Almost a century has passed since Clive McCay discovered that reducing the food intake of his rats increased their lifespan by up to 40% ( McCay and Crowell, 1934 ). Now we know that dozens of interventions extend the lifespan of organisms such as rodents, nematodes, yeast, and fruit flies. Aging is not as static as it once seemed. Clearly, we now know that several conserved molecular changes occur in organisms with age and we have developed interventions in animal models to impact almost all of them. Nevertheless, despite our great push for testing life- and healthspan altering molecules and growing knowledge of the underlying causes of aging, we still do not know if most of our interventions will work in humans. Why is that?

Biomarkers

A major problem facing the field of aging is measuring the effect of an intervention. In short lived organisms such as fruit flies, nematodes, and yeast, effects are easy to measure simply by investigating how an intervention impacts the lifespan. However, with longer lived organisms this becomes challenging and surrogate markers are therefore needed that reflect biological aging. Some physiological markers, such as grip strength and walking speed, appear to decline with age and predict mortality ( Studenski et al., 2011 ; Ling et al., 2012 ), however, there is considerable variability in these physiological parameters and their ability to singly reflect biological aging may be limited. Ten years ago, the identification of single biomarkers of aging was a grand challenge when considering trials for aging in humans, however, landmark papers from Hannum et al. (2013) and Horvath (2013) have shown that we can quite accurately measure age by looking at the combined alterations in the epigenetic landscape.
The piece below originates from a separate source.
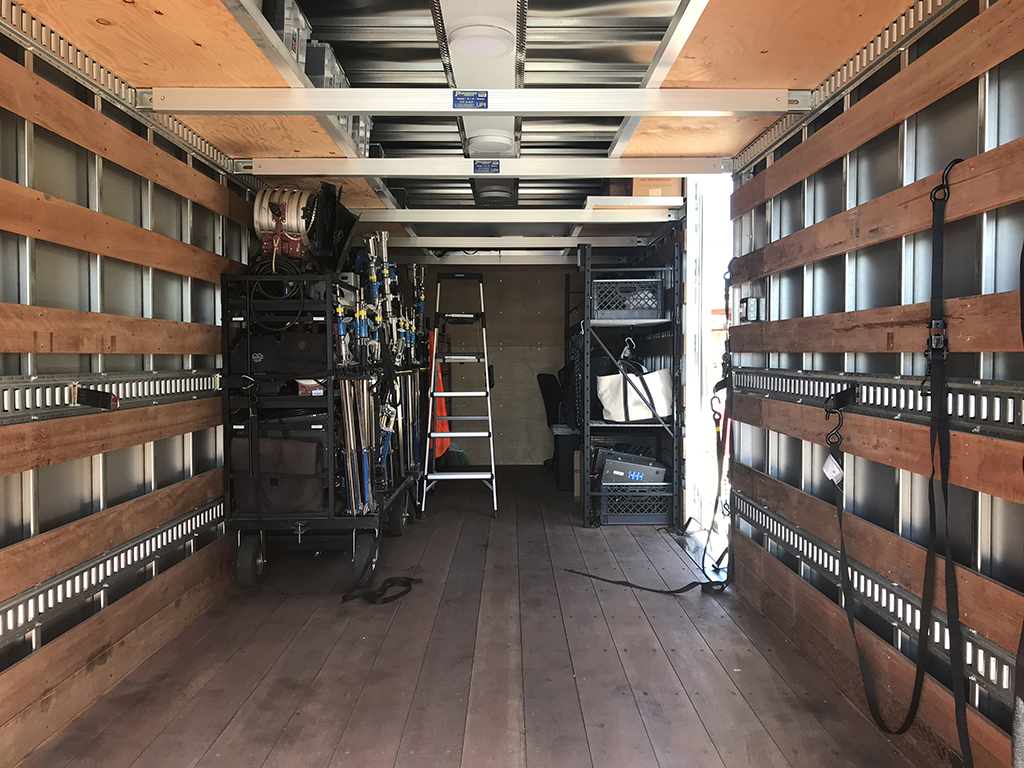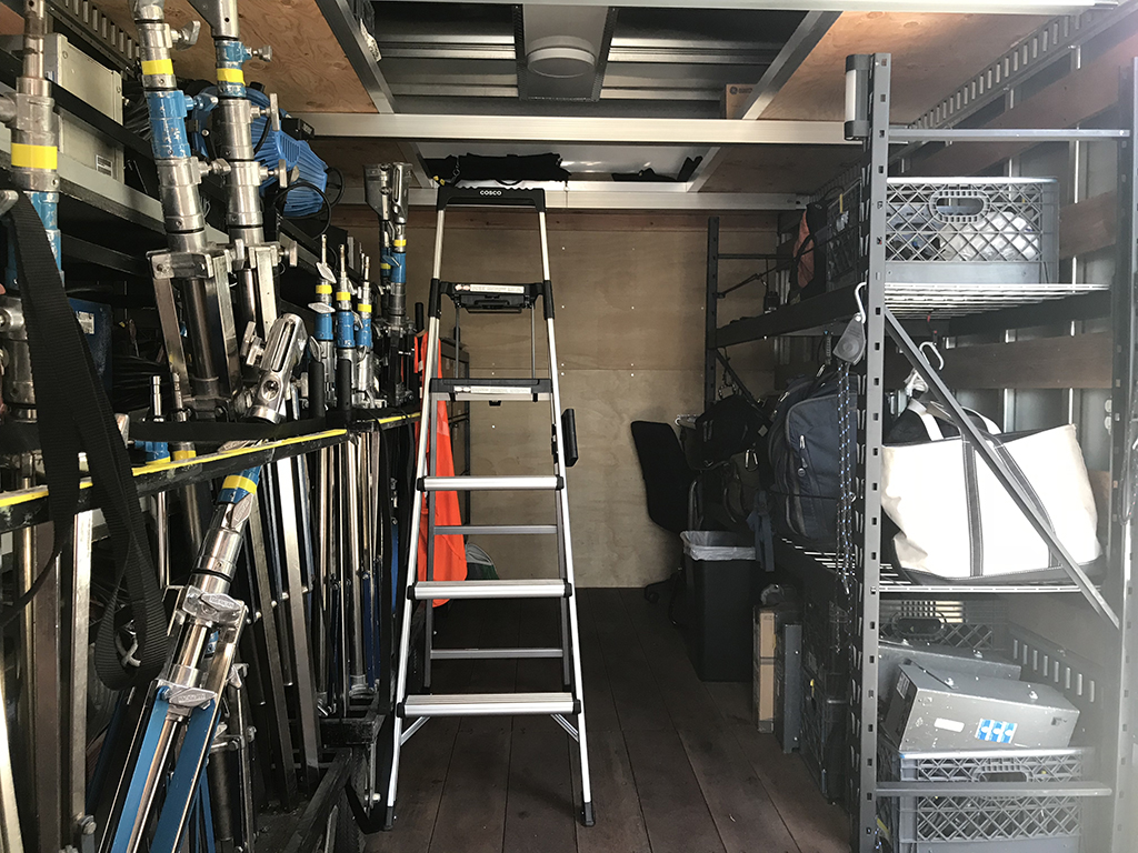 This grip and electrical truck is equipped with a modular shelving system for custom configuration to meet your production gear's requirements.

In hind sight, it is perhaps not surprising that complex biomarkers are needed for measuring an effect in a highly complex biological system such as aging. In particular, with the rise of massive laboratory generated datasets and machine learning, a wealth of biomarkers based on proteomics, metabolomics, transcriptomics, microbiomic, photographic, and hematological data, have been developed that can be used to measure efficacy of trials ( Rist et al., 2017 ; Bobrov et al., 2018 ; Ferrucci and Tanaka, 2018 ; Fleischer et al., 2018 ; Galkin et al., 2018 ; Mamoshina et al., 2018 ). Notably, most of these biomarkers, or aging clocks, not only predict the age of an individual but also the risk of death, i. e., if you are predicted to be older than your real chronological age you have a higher overall mortality risk. Since some people appear to age faster than others, the predicted age from these algorithms is thought to more closely resemble the true biological age of a person. And we can then use these biomarkers to test if we can reduce or reverse the biological age of an individual. With all these tools at our disposal, we have truly moved into an era where biomarkers are no longer an issue.

The Trial Design

Concurrent with the recent development in biomarkers the first trial targeting aging in humans are now being started. The most promising ongoing trial is the TAME trial, however, the need for testing a significant number of individuals have been a limiting factor for trial designs. This has been the case because trials are often designed for mortality end-points or other relatively rare events for otherwise healthy elderly individuals which necessitates large cohorts. However, as is evident from the described aging clocks we all are subject to the gradual decay of aging. And these biomarkers are remarkably accurate across populations. The measurements are typically off by an average of 2–8 years corresponding to 5–10% of an individual’s lifespan. Considering this error rate, a simple power calculation shows that you need only sixteen volunteers in a randomized double blinded study if we expect to reduce biomarker age from 75 to 70 years. An additional challenge is to determine how long we have to treat a population before we see an effect. We do not want a treatment period that is too short where changes may be acute responses to a treatment. On the other hand, if we treat for too long the interventions become increasingly costly. A trial aimed at reversing thymic aging in elderly men was recently conducted ( Fahy et al., 2019 ). Although there are several serious issues with this study (small cohort, no blinding, no untreated controls, variable clinical intervention across volunteers etc.) only 10 men were recruited and treated for a year and a significant reduction in epigenetic markers of aging was observed. In another study, 70 adult overweight African-Americans were treated for 16 weeks with vitamin-D resulting in a small but significant decrease in epigenetic aging ( Chen et al., 2019 ). It appears that even relatively short treatments may be enough to see signs of age-reduction in humans. In summary, we have all the tools available to begin transitioning to testing in humans.

The Grand Challenge

I propose a grand challenge to the field: translate interventions from mice to trials in humans! We need to use the knowledge that we are gathering through countless hours working on model organisms into interventions for humans. We need this not only for our mission to treat age-associated diseases broadly, but also simply to yield creditability to our field. Here, our new open access journal Frontiers in Aging may become a key outlet for this research.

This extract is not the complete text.